Le secrétaire général du Fdfp, Dr N’Dri Philippe, tout en rappelant les nombreuses actions menées par sa structure, a indiqué que c’est dans cet esprit que ce projet est lancé en partenariat avec le Gepci.
« Le rôle des journalistes est crucial. Chaque article, chaque reportage, chaque image contribue à construire soit la cohésion, soit la division », a-t-il rappelé.
Il a dit compter sur les bénéficiaires pour être des remparts contre la désinformation, la manipulation et les discours haineux. Car la responsabilité citoyenne qui leur incombe est immense. Pour terminer son propos, il a réaffirmé la volonté du Fdfp d’accompagner la presse ivoirienne dans sa quête de professionnalisme, d’éthique et de durabilité.

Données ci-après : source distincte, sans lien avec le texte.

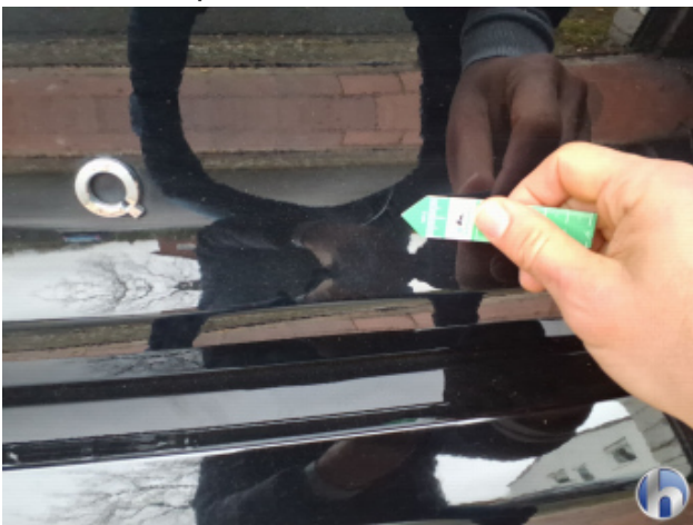
4. Heckklappenverkleidung Kratzer - Smart Repair

Selon Zohoré Lassane, président des Editeurs de presse de Côte d’Ivoire (GEPCI), cette série de formation, ce soutien n’est pas anodin,…soutenir les journalistes, c’est soutenir la vérité. Renforcer les éditeurs, c’est renforcer la république. Former, renforcer, investir, ce ne sont pas que de simples mots. Ce sont des armes, ce sont des remparts.
Et de poursuivre, la formation est notre bouclier. Notre dernière ligne de défense contre la désinformation. Cette mission, chers confrères, prend une dimension encore plus capitale à l’approche des élections.
A chaque élection, notre nation est comme au bord d’un précipice. Une étincelle peut suffire à embraser le pays. Nous n’avons pas le droit de jouer avec le feu. Chaque mot que nous publions peut apaiser ou enflammer.
Chaque image que nous diffusons peut rassembler ou diviser. Chaque titre que nous choisissons peut construire ou détruire. Et d’ajouter, voilà pourquoi notre responsabilité est immense.
La presse ne peut être un relai de rumeur. La presse doit être un filtre. La presse doit être un phare dans la nuit. Nous, éditeurs et journalistes, nous ne sommes pas de simples spectateurs des évènements. Nous en sommes des acteurs. Voilà pourquoi nous devons faire de notre plume et de notre micro des instruments de paix.
Aussi, a-t-il invité ses confrères à faire le bon choix. « Demain, lorsque l’histoire parlera des élections en Côte d’Ivoire, elle ne devra pas dire, la presse a failli, elle devra dire la presse a tenu bon.
Elle devra dire, la presse a été un ciment et non une fracture. Elle devra dire la presse a protégé la démocratie et non l’inverse ». Alors, allons de l’avant, formons-nous, renforçons-nous et faisons de notre métier, un bouclier pour la nation, a-t-il conclu.